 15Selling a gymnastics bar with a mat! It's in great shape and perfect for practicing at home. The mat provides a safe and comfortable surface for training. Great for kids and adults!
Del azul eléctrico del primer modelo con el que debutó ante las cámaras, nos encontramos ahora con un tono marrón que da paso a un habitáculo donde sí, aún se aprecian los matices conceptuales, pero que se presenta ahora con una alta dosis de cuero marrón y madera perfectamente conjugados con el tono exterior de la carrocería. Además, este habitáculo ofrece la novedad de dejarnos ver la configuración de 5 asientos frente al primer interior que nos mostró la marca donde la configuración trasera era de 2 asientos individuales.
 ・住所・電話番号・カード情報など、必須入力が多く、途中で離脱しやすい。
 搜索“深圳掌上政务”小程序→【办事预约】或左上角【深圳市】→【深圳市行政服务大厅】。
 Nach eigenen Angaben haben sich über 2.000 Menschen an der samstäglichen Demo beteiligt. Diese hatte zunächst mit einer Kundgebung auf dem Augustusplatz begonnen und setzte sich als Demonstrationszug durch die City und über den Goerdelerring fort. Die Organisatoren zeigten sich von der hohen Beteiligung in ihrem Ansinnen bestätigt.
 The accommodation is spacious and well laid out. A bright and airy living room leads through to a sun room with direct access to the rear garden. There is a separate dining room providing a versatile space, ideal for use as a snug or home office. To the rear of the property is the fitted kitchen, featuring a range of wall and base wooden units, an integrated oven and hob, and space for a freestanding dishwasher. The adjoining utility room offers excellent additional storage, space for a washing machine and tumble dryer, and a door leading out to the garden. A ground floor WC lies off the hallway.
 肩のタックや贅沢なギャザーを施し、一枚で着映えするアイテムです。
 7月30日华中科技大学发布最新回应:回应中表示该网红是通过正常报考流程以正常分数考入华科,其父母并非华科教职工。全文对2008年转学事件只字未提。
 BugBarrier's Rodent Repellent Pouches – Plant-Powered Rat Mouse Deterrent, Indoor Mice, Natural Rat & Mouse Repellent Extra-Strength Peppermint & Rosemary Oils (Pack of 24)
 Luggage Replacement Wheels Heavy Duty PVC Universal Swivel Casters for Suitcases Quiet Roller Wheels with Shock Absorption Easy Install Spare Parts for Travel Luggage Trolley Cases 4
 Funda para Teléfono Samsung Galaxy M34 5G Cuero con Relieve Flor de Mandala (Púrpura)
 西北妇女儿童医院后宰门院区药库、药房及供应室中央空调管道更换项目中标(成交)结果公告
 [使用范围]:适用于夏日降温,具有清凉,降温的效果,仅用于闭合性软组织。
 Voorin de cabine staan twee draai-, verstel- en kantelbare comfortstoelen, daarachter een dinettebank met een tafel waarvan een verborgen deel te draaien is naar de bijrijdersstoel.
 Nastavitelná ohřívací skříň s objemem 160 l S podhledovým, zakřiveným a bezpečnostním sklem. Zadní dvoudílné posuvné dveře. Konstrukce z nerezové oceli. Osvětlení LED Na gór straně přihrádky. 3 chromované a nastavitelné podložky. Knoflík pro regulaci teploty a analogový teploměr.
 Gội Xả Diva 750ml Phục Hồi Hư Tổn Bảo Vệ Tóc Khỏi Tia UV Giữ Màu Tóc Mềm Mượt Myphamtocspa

####

* **What to produce**:
The entries above are to be transcribed in full and without error.

* **Task result**:
 15Selling a gymnastics bar with a mat! It's in great shape and perfect for practicing at home. The mat provides a safe and comfortable surface for training. Great for kids and adults!
Del azul eléctrico del primer modelo con el que debutó ante las cámaras, nos encontramos ahora con un tono marrón que da paso a un habitáculo donde sí, aún se aprecian los matices conceptuales, pero que se presenta ahora con una alta dosis de cuero marrón y madera perfectamente conjugados con el tono exterior de la carrocería. Además, este habitáculo ofrece la novedad de dejarnos ver la configuración de 5 asientos frente al primer interior que nos mostró la marca donde la configuración trasera era de 2 asientos individuales.
 ・住所・電話番号・カード情報など、必須入力が多く、途中で離脱しやすい。
 搜索“深圳掌上政务”小程序→【办事预约】或左上角【深圳市】→【深圳市行政服务大厅】。
 Nach eigenen Angaben haben sich über 2.000 Menschen an der samstäglichen Demo beteiligt. Diese hatte zunächst mit einer Kundgebung auf dem Augustusplatz begonnen und setzte sich als Demonstrationszug durch die City und über den Goerdelerring fort. Die Organisatoren zeigten sich von der hohen Beteiligung in ihrem Ansinnen bestätigt.
 The accommodation is spacious and well laid out. A bright and airy living room leads through to a sun room with direct access to the rear garden. There is a separate dining room providing a versatile space, ideal for use as a snug or home office. To the rear of the property is the fitted kitchen, featuring a range of wall and base wooden units, an integrated oven and hob, and space for a freestanding dishwasher. The adjoining utility room offers excellent additional storage, space for a washing machine and tumble dryer, and a door leading out to the garden. A ground floor WC lies off the hallway.
 肩のタックや贅沢なギャザーを施し、一枚で着映えするアイテムです。
 7月30日华中科技大学发布最新回应:回应中表示该网红是通过正常报考流程以正常分数考入华科,其父母并非华科教职工。全文对2008年转学事件只字未提。
 BugBarrier's Rodent Repellent Pouches – Plant-Powered Rat Mouse Deterrent, Indoor Mice, Natural Rat & Mouse Repellent Extra-Strength Peppermint & Rosemary Oils (Pack of 24)
 Luggage Replacement Wheels Heavy Duty PVC Universal Swivel Casters for Suitcases Quiet Roller Wheels with Shock Absorption Easy Install Spare Parts for Travel Luggage Trolley Cases 4
 Funda para Teléfono Samsung Galaxy M34 5G Cuero con Relieve Flor de Mandala (Púrpura)
 西北妇女儿童医院后宰门院区药库、药房及供应室中央空调管道更换项目中标(成交)结果公告
 [使用范围]:适用于夏日降温,具有清凉,降温的效果,仅用于闭合性软组织。
 Voorin de cabine staan twee draai-, verstel- en kantelbare comfortstoelen, daarachter een dinettebank met een tafel waarvan een verborgen deel te draaien is naar de bijrijdersstoel.
 Nastavitelná ohřívací skříň s objemem 160 l S podhledovým, zakřiveným a bezpečnostním sklem. Zadní dvoudílné posuvné dveře. Konstrukce z nerezové oceli. Osvětlení LED Na gór straně přihrádky. 3 chromované a nastavitelné podložky. Knoflík pro regulaci teploty a analogový teploměr.
 Gội Xả Diva 750ml Phục Hồi Hư Tổn Bảo Vệ Tóc Khỏi Tia UV Giữ Màu Tóc Mềm Mượt Myphamtocspa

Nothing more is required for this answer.